On January 9, 1936, while living at 73 Rue de Prony, he married Blanche Barbas [3] in a second marriage at the town hall of the 17th arrondissement of Paris.

Serge has made a name for himself as a historian of circus performances, author of numerous books on the world of the circus ring, and host of Radio broadcasting programs about the circus, including Panorama des variétés, Les Jeux du cirque, Jeudi au cirque, etc.

A genre painter and illustrator, he won a Grand Prize at the 1937 Exposition Internationale des Arts et Techniques dans la Vie Moderne.

== Publications ==
- Vive le Cirque, Phénomènes, acrobates, clowns, fauves., Marcel Seheur éditeur 1930. 65 documents photos sur clowns, fauves, acrobates, phénomènes (L'homme qui se dégonfle, Contorsionniste, La Famille Chimpanzé, Le Python géant de Marquitta, Le Kangourou boxeur etc.).
- Rue du monde. Marcel Seheur éditeur 1931.

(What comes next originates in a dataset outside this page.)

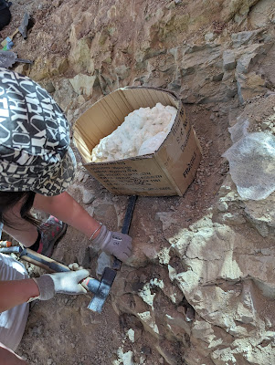 - Los trabajos realizados han exigido un esfuerzo intenso y prolongado, al tener que retirar una gran cantidad de sedimentos y roca situados encima de los niveles donde se localizan los fósiles. Esta situación ha requerido de varios días de eliminación y extracción de toneladas de tierra, reduciendo el número de días de trabajo con los fósiles hallados. Aún así, los resultados han compensado la dureza de las tareas previas.

- Le Monde du Cirque, Librairie des Champs-Élysées 1939. Le texte est le récit à la première personne d'une entrée dans le monde du cirque : de la découverte du fabuleux campement à la rencontre du clown, des filles de cirque et des fils du ciel, du roi du vélo, du dresseur de chiens etc. Le livre se termine par une liste de cirques volants et de familles de cirque.
- Panorama du Cirque, Éditions Arc en Ciel 1944.

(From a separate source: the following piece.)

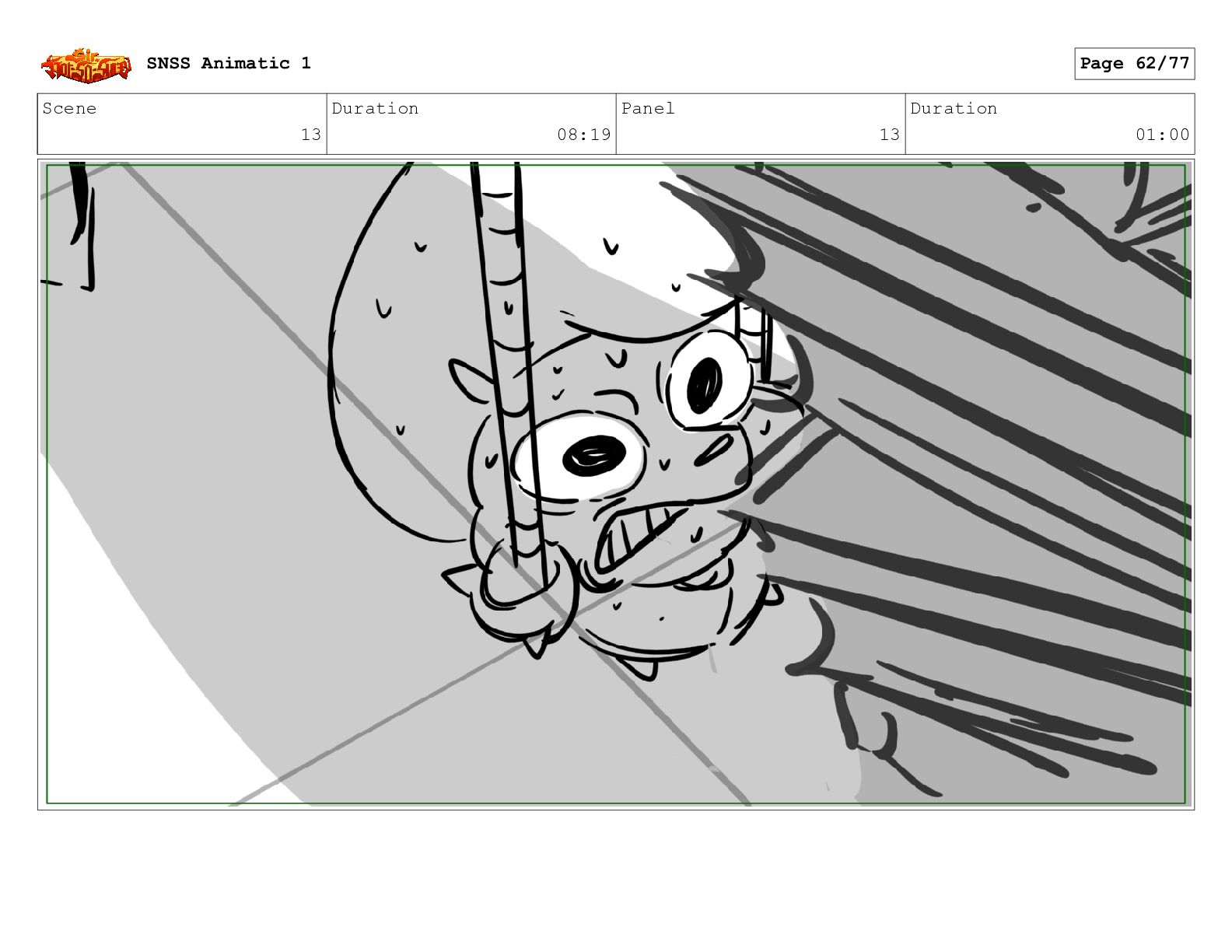 Scene 13 Duration 08:19 Panel 3 Duration 01:00 SNSS Animatic

- La Route des Cirques A. B. C. 1945. Le livre se termine par un dictionnaire du cirque : noms d'artistes, de cirques stables et volants du monde entier (y compris ceux des ancêtres de la piste), et termes de métier du cirque.
- L'île aux merveilles. Librairie des Champs-Élysées 1945. Contes fantastiques sur fond de tours de magiciens et autres farces de clowns.
- Londres secret et ses fantômes. Éditions Ergé 1946. De la découverte de Londres bombardée, à la cité des bords de la Tamise, avec une large place faite à l'évocation du cirque.
- Panache indien. Éditions Heracleia 1946.
- Histoire du Cirque. Illustrations photographiques et dessinées de l'auteur. Librairie Gründ 1947. Première histoire de la piste en français.
- Magie des Bohémiens. Librairie des Champs-Élysées, 1950. Des Saintes-Maries-de-la-Mer à Londres, Arles, Varsovie, Marseille, Paris : le quotidien des gitans et des gens du voyage, comme un périple où le cirque finite toujours par déballer ses toiles et ses mâts.
- Le vagabond de Paris. Librairie des Champs-Élysées, 1951.
- Gitanes et Toréros. Éditions Baudinière, 1952.
- Amar, Roi du Cirque. Éditions de Paris. Collection "Les Troubadours du Siècle". 1952.
- Paris, mon cœur. Éditions Seghers 1959.
- Clowns de Paris. Éditions des Presses du Temps Présent 1959.
- La grande histoire des bohémiens. Éditions Karolus 1963.